In our shop you will see the evolution of the sextant with various items showcased and on sale. From the earlier prototypes to modern 1960s sextants. Functioning sextants for work or study. A wide collection selected by Il Corsaro and offered to our customers with certified origin and authenticity. 

The sextant is an instrument used to measure the elevation angle of a celestial body above the horizon. Technically, the measurement is done by making the celestial body and the horizon line up. The date and angle are used to calculate a specific position on an air or nautical chart; the sextant is also used to calculate the latitude by sighting the sun at noon. The sextant derives its name from the fact that its scale has a length of one sixth of a full circle, equal to 60°.
The sextant works by the principle of double reflection: if a light beam hits the same surface twice, the deviation angle is twice the angle between the reflectors. The sextant arc scale is 60° but it’s doubly graduated, so it is possible to read directly the double angle formed by the two mirrors. It was Sir Isaac Newton the inventor of the double reflection principle in nautical instruments, but these researches were never published.

Use of the sextant
 Sighting through a sextant makes two points line up. One is the sky or any celestial body visible on the index mirror, the other one is the horizon on the horizon mirror. By a proper adjustment, the image of the celestial body is brought into line with the horizon. The angle reading and the time and date recording are made simultaneously. Then, the elevation angle – or vernier – of the graduated arc is taken and is recorded along with the date. The date and time are used to subtract the data of the celestial body from the ephemeris, and are useful for calculation. The measurement is then used to determine a position through several mathematical calculations. The simplest method consists in drawing the elevation of the sighted body on a globe. The intersection between two or more elevation circles, referred to two or more celestial bodies, provides a precise localisation.

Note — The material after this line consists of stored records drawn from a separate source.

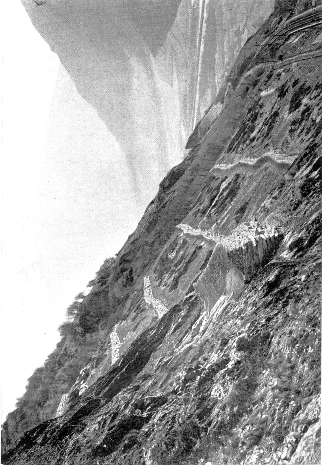
Regelmässig terrassierter Hang an der Lötschbergbahn. Jeder fallende oder rollende Stein wird abgebremst und von einer Mauer aufgehalten.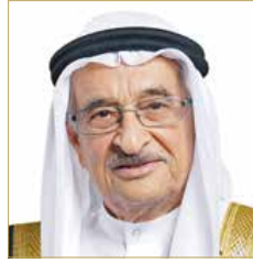
الشيخ محمد بن عبدالله

طبقاً للبند السابق، أن يحاول اجتيازه مجدداً مرتين إضافيتين شريطة حضوره دورة تدريبية لا تقل مدتها عن ستة أشهر في إحدى المؤسسات الصحية المعتمدة لدى الهيئة، وتقديمه ما يثبت اجتيازه لهذه الدورة التدريبية، وعلى أن تكون محاولة اجتيازه لامتحان التقييم في هاتين المرتين خلال سنتين من اجتيازه تلك الدورة التدريبية.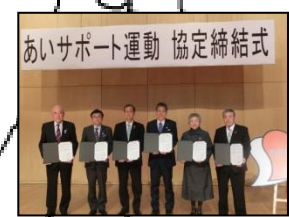
秩父市・横瀬町・皆野町 長瀬町・小鹿野町 (H27.11.6)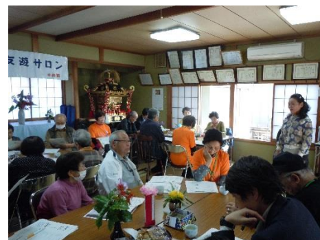
11/25(月)出前講座(友遊会)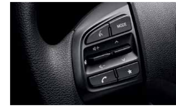
Cụm điều chỉnh media tích hợp nhận điện giọng nói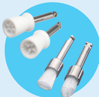
歯をクリーニングする器具 (プロフィーブラシ・カップ)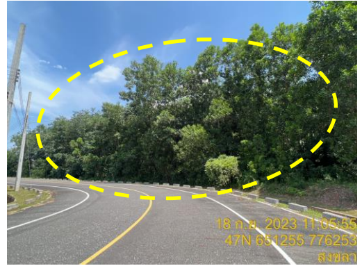
รูปที่ 25 สภาพแวดล้อมโดยรอบพื้นที่นิคมฯ (เป็นพื้นที่สีเขียวและสวนยางพารา)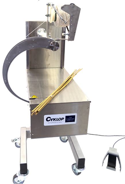
*De afgebeelde elastiekbinder is een rechter binder. Dit betekent dat de producten van links naar rechts worden ingevoerd.

< KLIK HIER VOOR EEN VIDEO VAN DE MD 35/60 XL >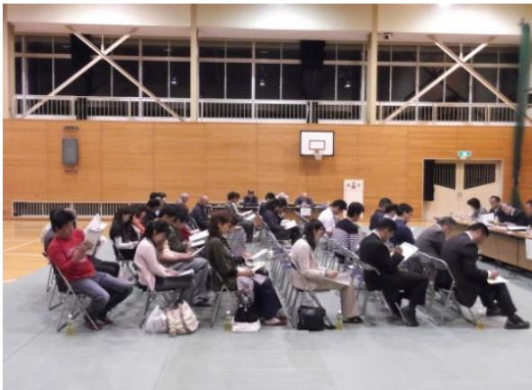
銚田北中学校区地区説明会 (舟木小学校体育館)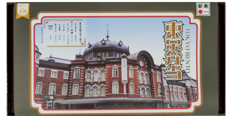
準備でき次第、期間限定で掛け紙に金賞受賞のロゴをデザインします

2019年以来、約4年半ぶりとなる2024年4月にリニューアル。1つの折で東京の老舗7店の味をお楽しみいただけます！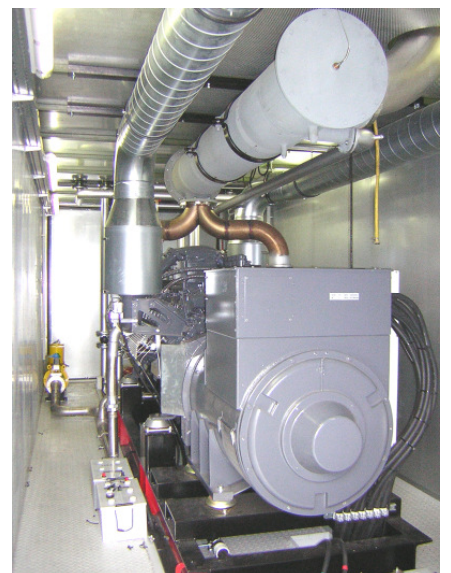
Impianto di cogenerazione alimentato ad olio vegetale, 540 kW el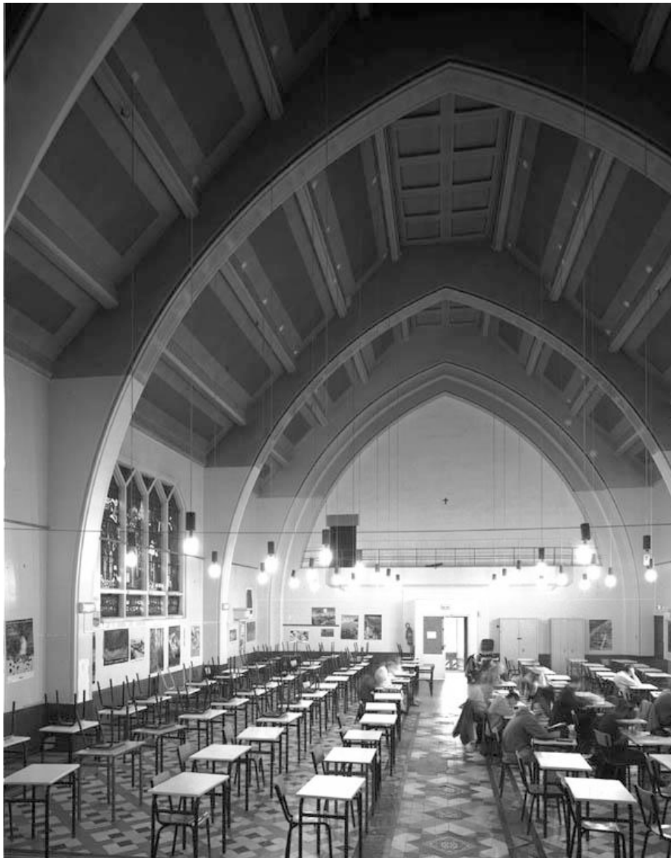
Vue générale intérieure de la chapelle depuis le chœur.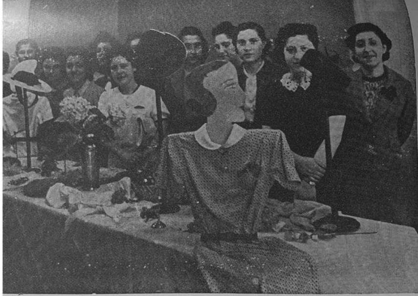
Halkevlerinde Kurslar : Biçki-Dikiş, Çiçekçilik, Şapkacılık Kurslarından ve Kurslara ait sergilerden bir görünüş

Fotoğraf 3. SINGER'in Halkevleri'nde ücretsiz açtığı biçki-dikiş, çiçekçilik, şapkacılık kurslarına ait bir fotoğraf (CHP, 1941: 67).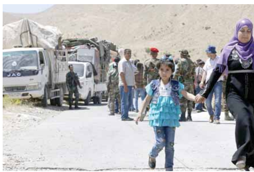
عودة دفعة من اللاجئين السوريين في لبنان

وجدت دمشق التأكيد على أن تحسين الوضع الإنساني في سورية يتطلب وقف الدول الغربية تسييس العمل الإنساني فيها وضرورة دعم مشاريع التعافي المبكر ورفع الإجراءات الاقتصادية القسرية. وفي كلمة له خلال جلسة مجلس الأمن حول الشأن السياسي والإنساني في سورية اعتبر مندوب سورية الدائم لدى الأمم المتحدة السفير بسام صباغ، أن أي وجود عسكري غير شرعي على الأراضي السورية هو انتهاك لميثاق الأمم المتحدة ومخالفة للقانون الدولي ويجب أن ينتهي فوراً إضافة إلى أن محاربة الإرهاب بمختلف أشكاله والقضاء عليه بشكل نهائي لا يمكن أن تتم إلا من خلال التعاون والتنسيق الكامل مع الدولة السورية.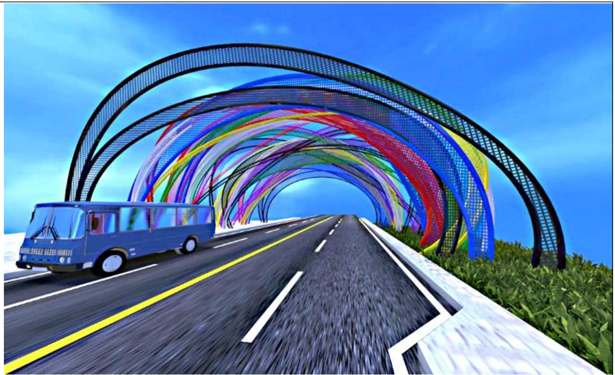
공공디자인위원회 심의 부결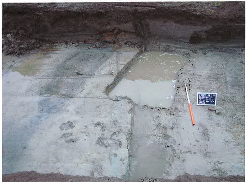
Figuur 6. Rechthoekig spoor, put 1, vlak 1 (ArcheoMedia 2003). Let op de recente verstoring in de profielwand ter hoogte van het spoor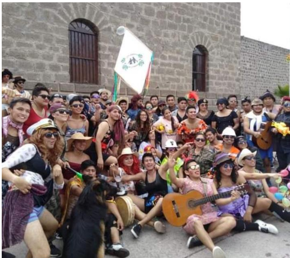
Despidiendo los carnavales 2020, “Los Qaylacos”.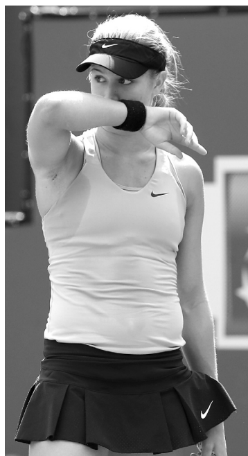
Eugenie Bouchard a semblé être surprise par son adversaire roumaine au premier set, alors que Simona Halep a rapidement pris les devants 5-0.

L'Américaine Lauren Davis a déclaré forfait avant son duel contre l'Australienne Casey Dellacqua en raison d'un problème gastro-intestinal.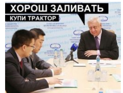
Михаил Хазин О Белоруссии Михаил Хазин О Белоруссии

Куплет: Ехали в Голландию бульбаши петь. Начали Европу всю бульбой угощать. Нет на свете ничего лучше драников из печи. Этот вкус помогает всех победить. Припев: бульба это супер-класс, оборонит бульба нас ото всякой атипичной малярии. Бульба это образ жизни, нету лучше ощущения, чем поесть бульбы с мяском. Куплет: Бульбу жарят во фритюре только за границей. Съешь такое на десерт - в пузе непокой. Чтоб всегда здоровым быть - бульбу отвари, и сразу вырастёшь - до горы.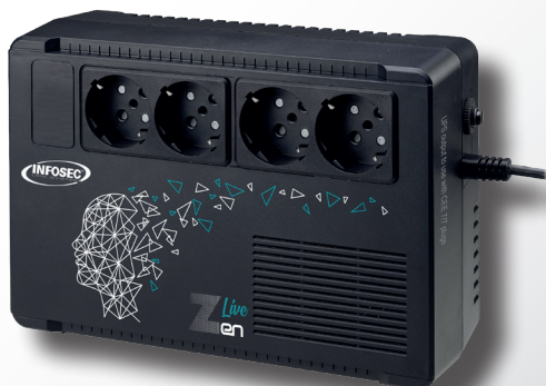
Zen Live 500/650 VA

* Dependiendo del modelo y la carga conectada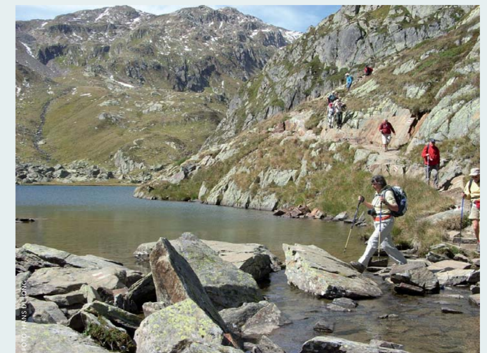
Op mooie zomerdagen is het filelopen naar de Tomasee, waar die beroemde rivier ontspringt.

A closer look to the sextant
The index arm or “alidade” moves the index mirror. The indicator, or “line of faith” points at the arch to show measurement. The horizon mirror is integral with the frame and is of various types. The frame connects all the parts. The telescope is integral with the frame and is opposite the horizon mirror. In short, the sextant has a half-horizon mirror which divides the field of view in two. The outer part is clear and lets the viewer sight the horizon; the inside is reflective and lets the viewer sight the celestial body, which is also reflected by the index mirror. The advantage is that both the horizon and the celestial body are bright and thus more easily visible. It is especially used during the day, in the sunlight or at dusk, with the stars, when the horizon is more visible. However, it is necessary to make sure that the lower part of the celestial body is lined up with the horizon.

Want to know more?
Professional sextants can measure up to 1 minute of a degree, equal to 1/60 degree. With more precise ones you can make measurements through a verner up to 0,2 minutes of a degree. Since a minute degree error corresponds to a nautical mile, the best precision one can obtain by celestial navigation is 0,1 nautical miles, equal to about 200 yards (186m). Temperature changes can affect the shape of the sextant’s arc, and thus cause errors. Many sailors keep it in a watertight case in order to protect it from temperature fluctuations. A standard frame can usually stabilize errors caused by temperature fluctuations. The adjustment knobs are separated from arc and frame in order to prevent them from damage. The sextants used at the tropics are often painted in white in order to reflect the sunlight and keep cool. The high precision sextants are built in a special alloy called invar which has a low thermal expansion coefficient. Special quartz or ceramic sextants have also been built, which have an extremely low thermal expansion coefficient. Brass has a lower thermal expansion coefficient than aluminium, but the latter is lighter and easier to use.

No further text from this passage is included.